** Provided data follows **

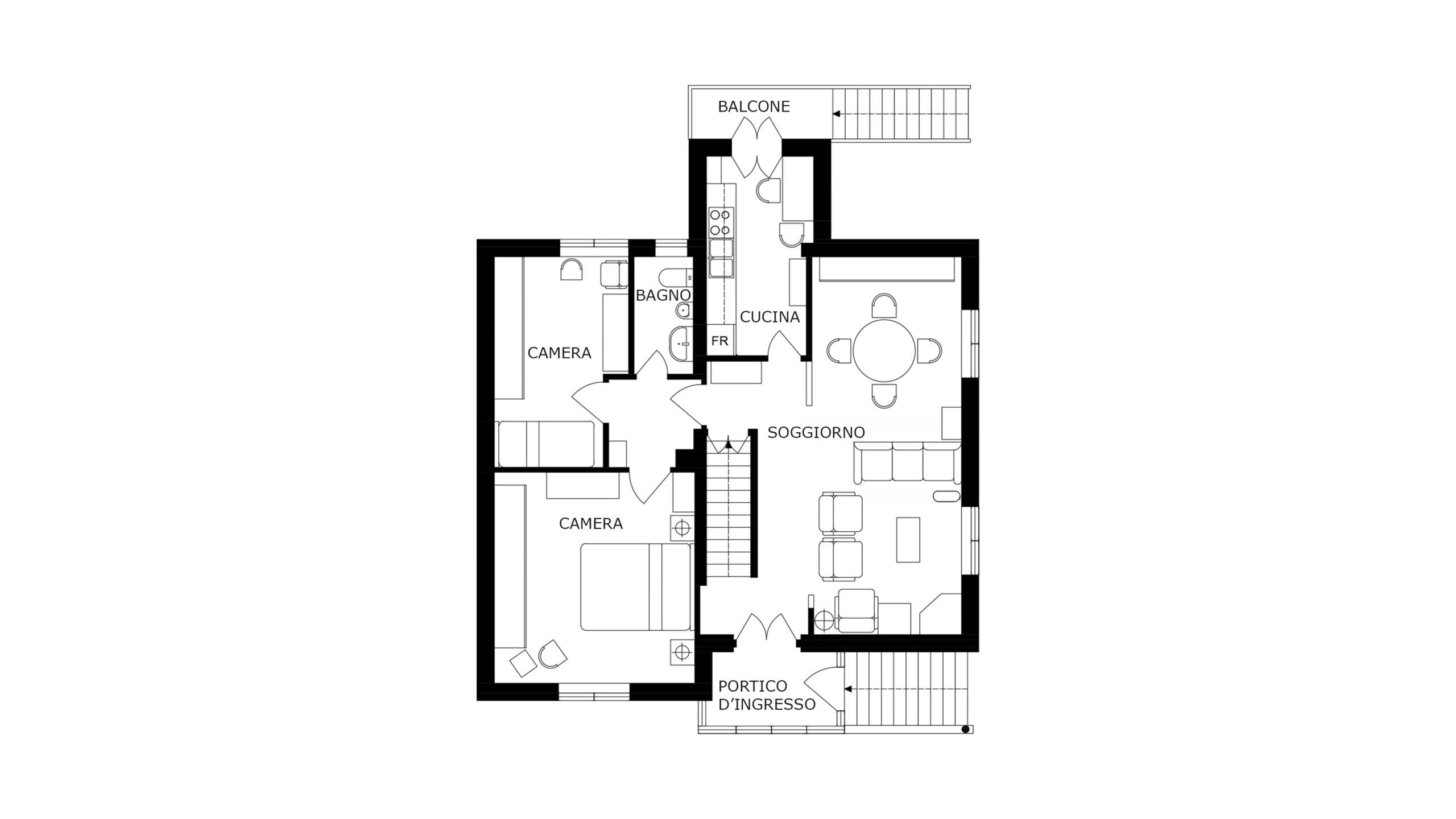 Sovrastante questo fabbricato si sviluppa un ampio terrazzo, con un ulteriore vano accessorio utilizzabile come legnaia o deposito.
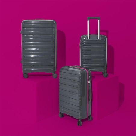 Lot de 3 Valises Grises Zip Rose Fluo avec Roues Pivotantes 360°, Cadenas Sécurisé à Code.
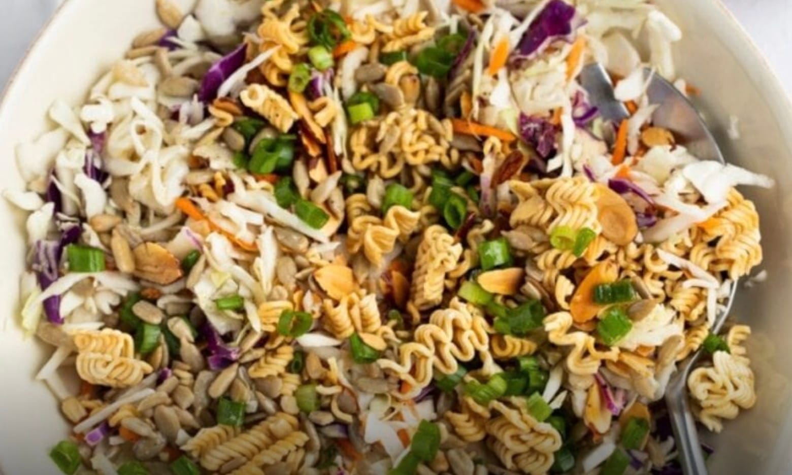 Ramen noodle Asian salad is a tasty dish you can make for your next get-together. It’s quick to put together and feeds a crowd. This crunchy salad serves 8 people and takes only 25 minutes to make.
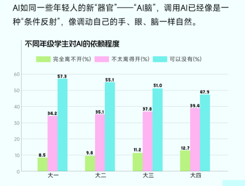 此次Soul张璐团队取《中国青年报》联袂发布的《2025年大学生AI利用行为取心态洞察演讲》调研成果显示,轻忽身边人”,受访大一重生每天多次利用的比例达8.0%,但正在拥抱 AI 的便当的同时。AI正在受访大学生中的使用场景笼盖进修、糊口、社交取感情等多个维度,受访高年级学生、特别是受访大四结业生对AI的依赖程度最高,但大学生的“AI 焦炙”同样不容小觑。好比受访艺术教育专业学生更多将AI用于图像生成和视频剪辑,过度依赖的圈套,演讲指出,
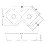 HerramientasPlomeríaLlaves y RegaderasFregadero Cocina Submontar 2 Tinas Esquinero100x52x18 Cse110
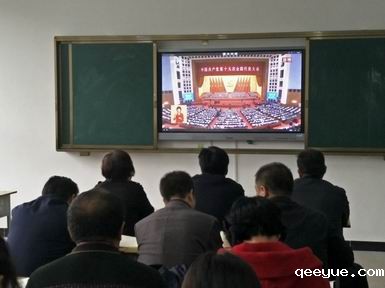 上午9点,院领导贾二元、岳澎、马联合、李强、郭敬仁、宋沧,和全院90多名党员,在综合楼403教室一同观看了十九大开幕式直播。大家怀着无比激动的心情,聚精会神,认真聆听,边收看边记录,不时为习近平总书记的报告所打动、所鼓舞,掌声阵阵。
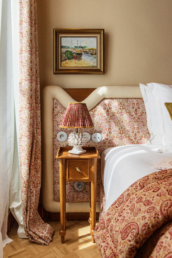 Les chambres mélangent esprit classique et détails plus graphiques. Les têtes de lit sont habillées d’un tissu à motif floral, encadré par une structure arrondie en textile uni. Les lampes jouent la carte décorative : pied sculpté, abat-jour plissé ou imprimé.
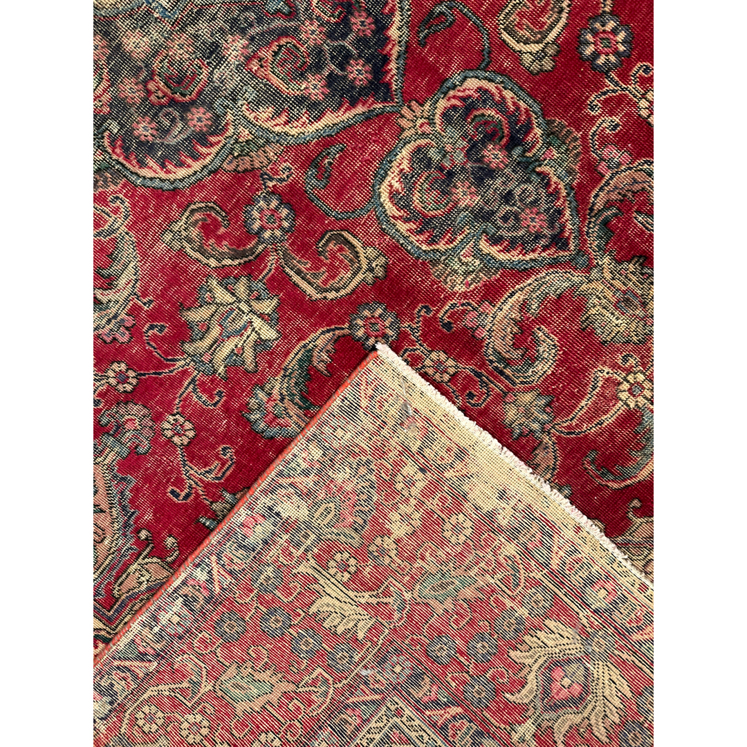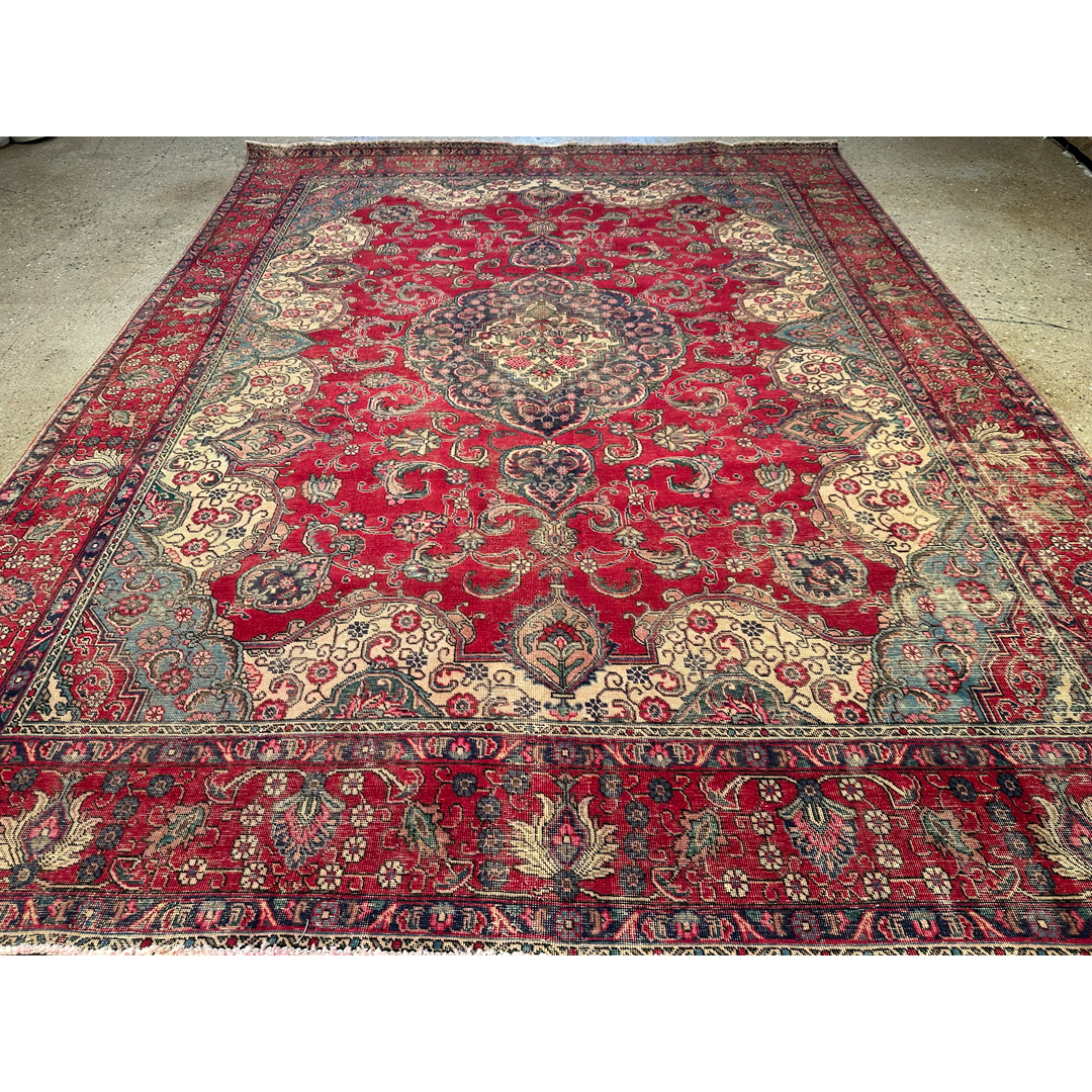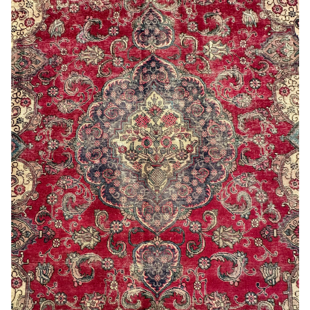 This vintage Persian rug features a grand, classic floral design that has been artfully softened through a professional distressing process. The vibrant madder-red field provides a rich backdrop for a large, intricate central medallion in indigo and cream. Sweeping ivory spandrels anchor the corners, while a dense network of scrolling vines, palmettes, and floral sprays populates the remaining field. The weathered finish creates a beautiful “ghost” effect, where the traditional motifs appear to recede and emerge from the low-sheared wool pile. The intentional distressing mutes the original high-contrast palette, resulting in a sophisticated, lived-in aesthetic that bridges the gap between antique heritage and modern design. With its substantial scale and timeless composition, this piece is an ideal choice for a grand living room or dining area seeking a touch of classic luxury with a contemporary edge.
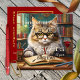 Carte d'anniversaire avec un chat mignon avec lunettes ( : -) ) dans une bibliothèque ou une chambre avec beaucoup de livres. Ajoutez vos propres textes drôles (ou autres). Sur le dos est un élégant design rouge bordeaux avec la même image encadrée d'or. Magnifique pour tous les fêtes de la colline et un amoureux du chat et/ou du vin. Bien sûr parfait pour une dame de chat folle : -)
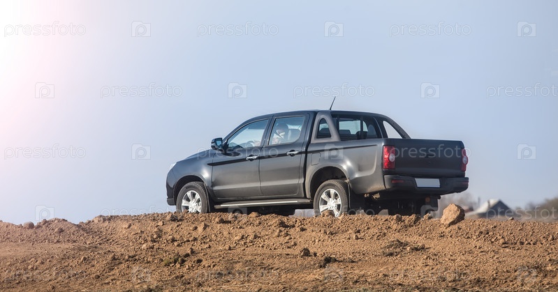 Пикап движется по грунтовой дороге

** End of Provided data **

• Task directions
In the records above, find the line containing "Carte d'anniversaire avec", then please restate it and each line after it word for word, pictures excluded.

• Exercise answer
 Carte d'anniversaire avec un chat mignon avec lunettes ( : -) ) dans une bibliothèque ou une chambre avec beaucoup de livres. Ajoutez vos propres textes drôles (ou autres). Sur le dos est un élégant design rouge bordeaux avec la même image encadrée d'or. Magnifique pour tous les fêtes de la colline et un amoureux du chat et/ou du vin. Bien sûr parfait pour une dame de chat folle : -)
 Пикап движется по грунтовой дороге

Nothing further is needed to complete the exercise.